Can you testify to God’s work in your life to just one person this week? I’m not talking about winning them over through arguments and debate. I’m just talking about testifying about how flawed you are and how God continues to bless you despite your flaws and how God invites those who are flawed to be his children.

We are missionaries to our woke public schools or our un-woke Christian schools. We are missionaries as fathers, mothers, children, salespeople, managers, ceos, doctors, lawyers, engineers, assistants, servers, welders, builders.

There are so many people who will never know the gospel if we will not testify to God’s work in loves. Don’t squander this opportunity because that is what we are called.

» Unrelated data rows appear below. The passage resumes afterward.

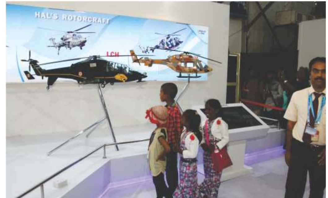
Children enjoying at HAL Stall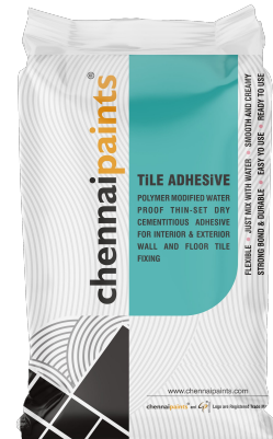
Pack Size 20Kg

Chennai paints- Grey Premium Tile adhesive is a high polymer, modified cement-based adhesive which is smooth & creamy, sanded bagged cementations powder with a high performance dry Thin set adhesive for use with water for installing in dry area for Small format ceramic wall & floor tiles, vitrified tiles, precast terrazzo and natural stones in Interior floor area and Wall up to a height of 10 Feet . It can be applied on Exterior Floors and Can be used up to maximum of 12mm bed thickness.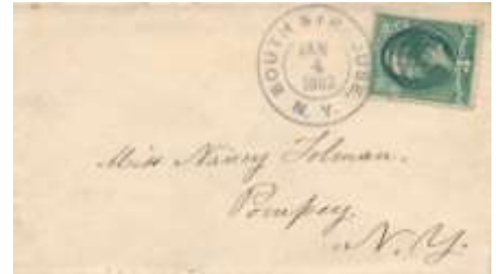
Lot 30 S./I 4 DPO SOUTH SYRACUSE (Onondaga) double circle duplex CDS JAN 4 1883. Slight spotting on verso. Min. $1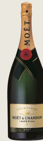
Moët & Chandon Brut Impérial 1.5L Magnum Champagne, France NV

Brut Impérial is the world's biggest selling Champagne and popping a magnum of its iconic bubbles will be the highlight at your next celebration. It is also an incredible gift for your clients or colleagues.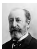
Camille Saint-Saëns 1835–1921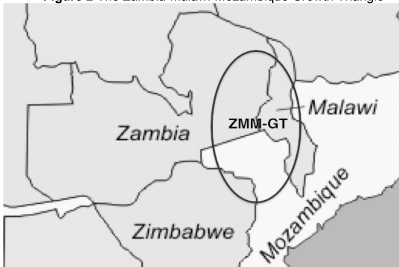
Figure 2 The Zambia-Malawi-Mozambique Growth Triangle

Source: Map taken from http://d-maps.com . Illustrated by author.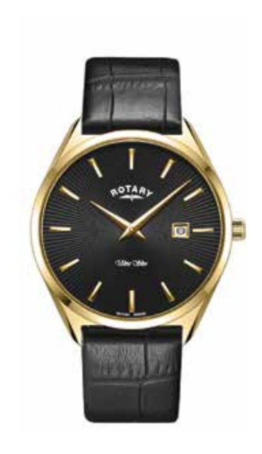
GS08013/04 Ø 38mm

Quartz Movement Sapphire Crystal Water resistant 50m Case Profile 5.7mm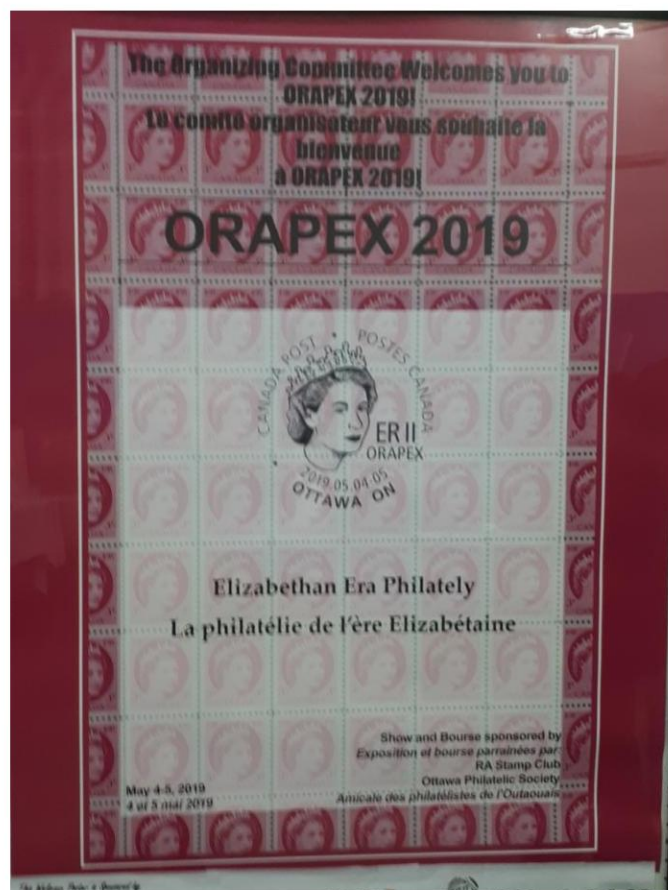
Elizabethan Era Philately, the theme of the show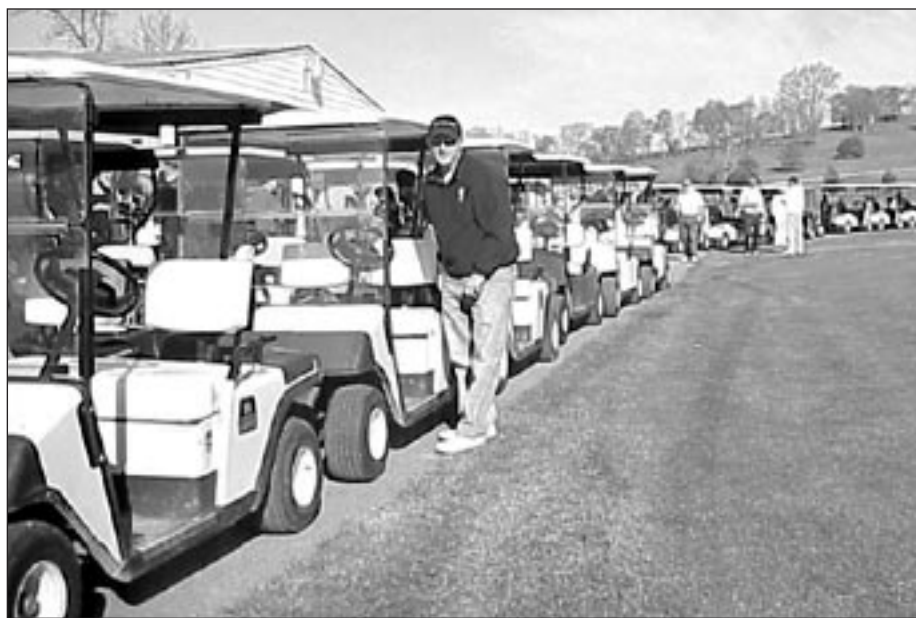
The annual golf outing co-sponsored by the Brownsville School Action Committee has grown over the years and now draws about 130 golfers.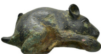
766 ANCIENT BRONZE MOUSE.(1th-3th century).Ae. Weight : 16.7 gr Diameter : 44 mm 10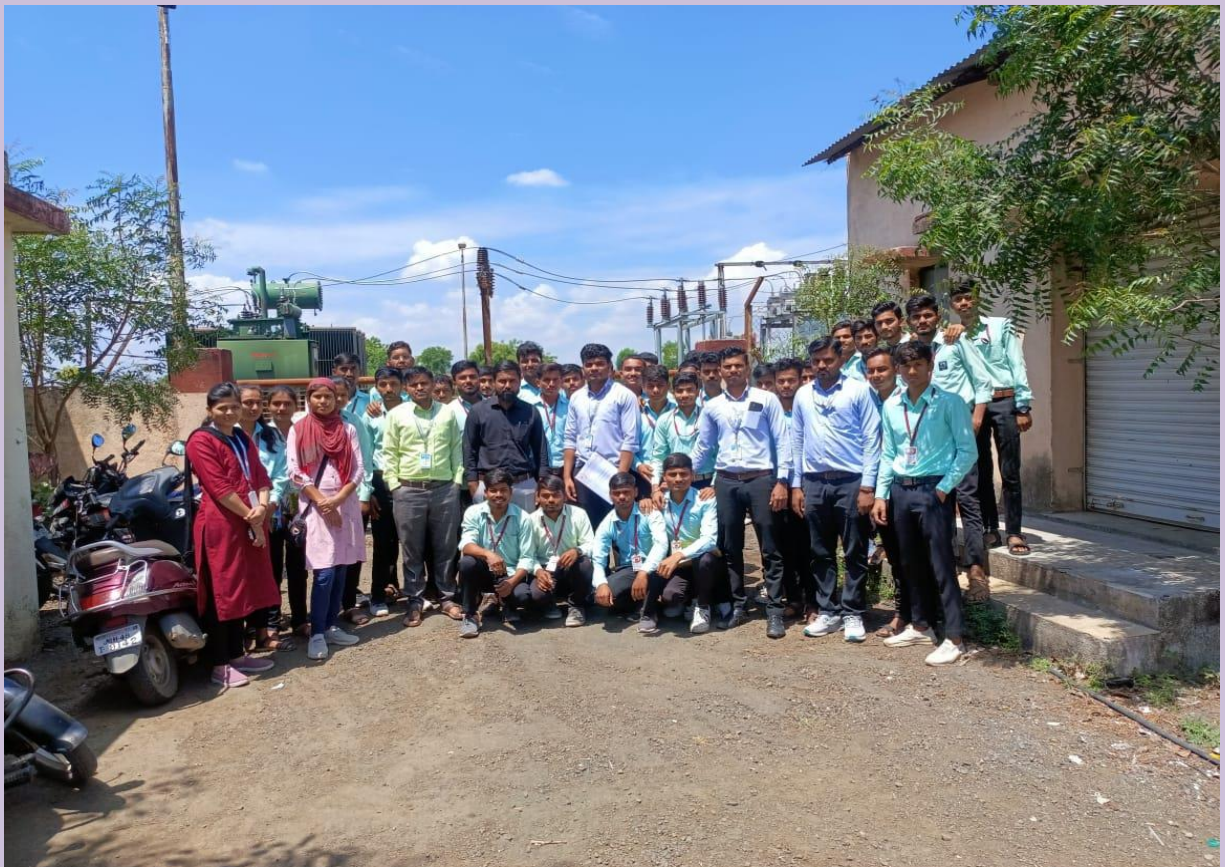
AT. MSEDCL YEOLA RURAL 33/11KV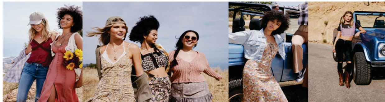
Romantic, bohemian, and forever feminine. Forever 21's satin lace trim cami, distressed flare jeans, plaid button-up shacket, cami midi dress and crochet vest. Pretty and preppy. Cropped cardigan sweater, floral print cropped top and skirt, ruched floral print mini dress, hoop earrings and round-frame sunglasses. Everything Elle. Wear a cropped denim jacket with a floral print midi dress for a cool and relaxed day in school. Available at Forever 21. Get ready for some fun and adventure in school with F21's bustier crop top and distressed skinny jeans.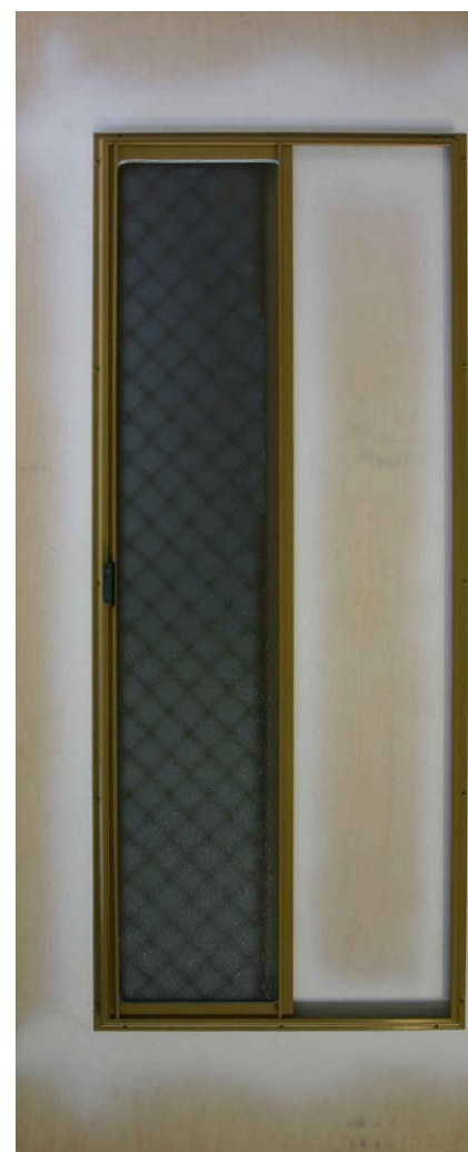
Front view (left) and rear view (right) of a paint grade CombiDoor with gold powdercoated small diamond alloy security grill showing under-painting extending slightly beyond the alloy – before final painting and installation.

* ColourBond is a registered name of Bluescope Steel.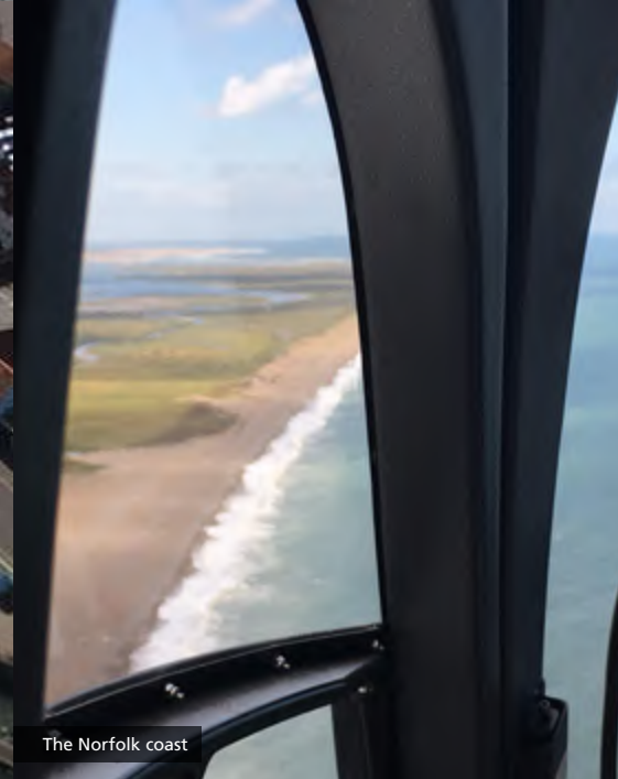
The Norfolk coast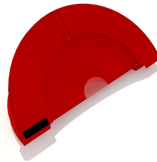
Airbus A330 Intake Plug, framed bi-fold type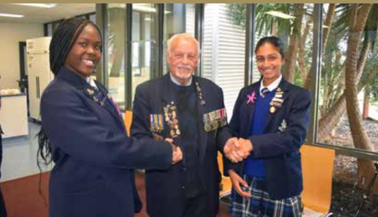
Malaya & Borneo Remembrance Service

During the Assumption Term, we will hold further 25th Anniversary events: Thomas Carr Carnival Day, Alumni and Staff Trivia Night and Good Samaritan Country Campus - Family Fun Day as well as many other events. In the final term of 2021, we will hold our inaugural Gala Night of Excellence, our Year 12 Graduation celebrations, and A Night to Shine – all College community events which showcase the achievements, strengths and talents of our students and staff, as inspired people of Hope.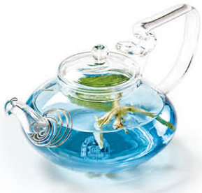
薄荷薑汁茶 蝶豆花、甜菊葉、 雲霧綠茶

Ginger Peppermint Tea Butterfly Pea, Stevia Leaf, Green Tea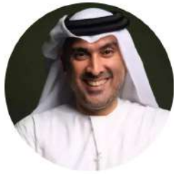
Yousuf Lootah Acting CEO of Corporate Strategy & Performance Sector, Dubai's Department of Economy and Tourism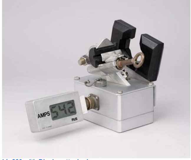
LL-230 with Display attached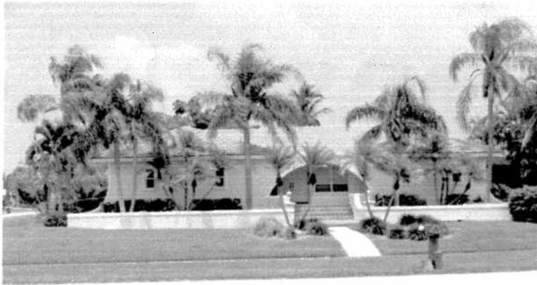
Front View 8/09/07

If using the Elevation Certificate to obtain NFIP flood insurance, affix at least two building photographs below according to the instructions for Item A6. Identify all photographs with: date taken; "Front View" and "Rear View"; and, if required, "Right Side View" and "Left Side View." If submitting more photographs than will fit on this page, use the Continuation Page, following.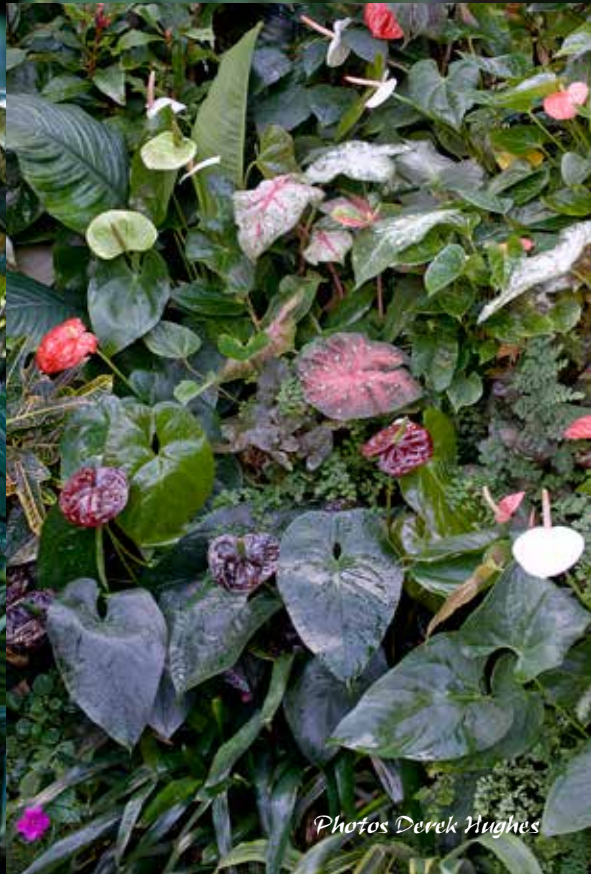
In the Fernery this month. A visual treat any time of year.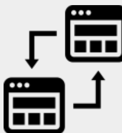
Command & Control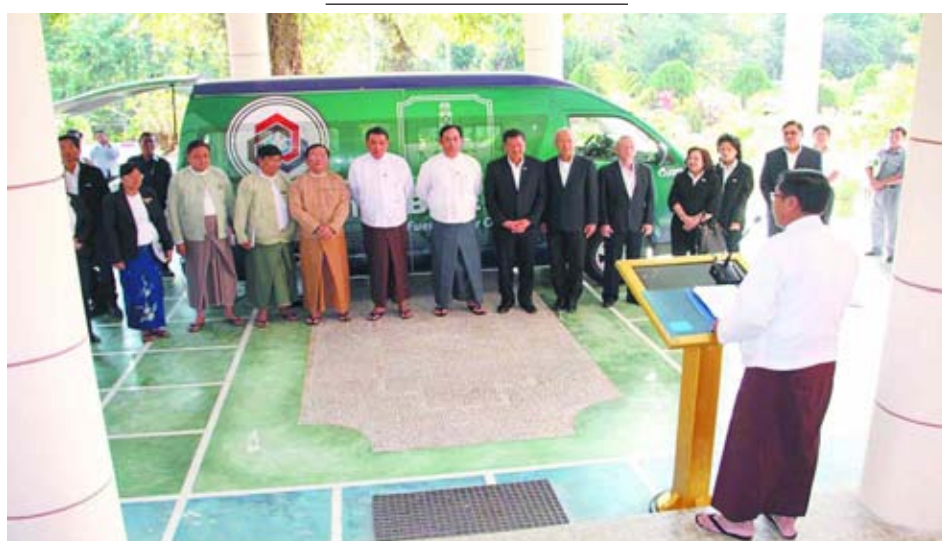
PTT Public Company Limited from Thailand donates a new Mobile Fuel Lab vehicle to MPPE.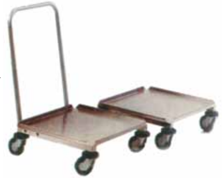
■ UHK-068 Glass Rack Dolley

I only accepted Jesus as my lord and savior because somebody was willing to befriend a non-Christian and risk his own pride and reputation to share the gospel. My friend knew that he could be faithful because God has been so faithful to him despite the many wrong turns he took in his own life. He knew  that God would take his friend, who was so far from him, and redeem him. That one day, despite all the kicking and fighting, he would submit to God and testify that God is faithful.

That’s the reason all of us started following Jesus, because somebody in our lives postured themselves humbly before God and shared the gospel.

This is the gospel:

God sent his one and only begotten Son Jesus, to become our Christ. Jesus, although in the form of God, humbled himself to become human, to live sinless and die for our sins in accordance with the Scriptures to fulfill the justice necessary to bring us reconciliation with God, the Father.

Jesus was crucified on a cross, died, and was buried. But sin and death could not hold Jesus. He was raised on the third day in by the power of God. In faith, we receive salvation, not by our works, but by grace, as a gift from God.

  • If you never accepted the gospel, receive it now in faith, confessing Jesus as your savior, your Messiah.
  • If you’ve been a follower of Jesus but haven’t considered your commission until now, your time is now.

Go live boldly on mission. God demonstrates his power to us so we can be faithful. Let your life testify to God’s work.

We are his children, we live faithfully through his spirit, to make disciples of all nations, baptizing them in the name of the Father and of the Son and of the Holy Spirit, teaching them to observe all that Jesus commanded.

God’s already demonstrating his power in your life. Now, go boldly share your testimony with somebody.

Let’s pray.

Father in heaven, thank you for sending your son to rescue us. God, we want to be faithful to the mission you called us. We know that you want us to share this incredible good news to everybody around us, but it’s so hard to start, it’s so hard to be bold. God, we believe you are giving us courage today. You are giving us the words, you are identifying the people and places.

  • God, the neighbors that we didn’t expect to be friendly to us, thank you for opening those doors.
  • God, the teachers that don’t have the same worldview as us, thank you for allowing our children to be a part of their classrooms.
  • Lord, the co-workers that we have, who ostracize us… God, yes, thank you for allowing us to be witnesses to them.
  • The families and relatives who don’t know, who tell us that we’re lost, Lord, let us bless them.

Those of us who need to receive your gospel; let them receive it wholeheartedly. Let them receive it with thanksgiving. Let them receive it without doubt. Let it saturate every facet of their lives. Let it transform them. Let the ways they used to live die and be buried with you. Father, resurrect a new life, a new way of living for them.

Do not allow the world and the troubles we face fill us with doubt. Fill us with satisfaction, with resolve. We want to be faithful. Help us be faithful to you in this work. We pray all these things in Jesus precious, holy name. Amen.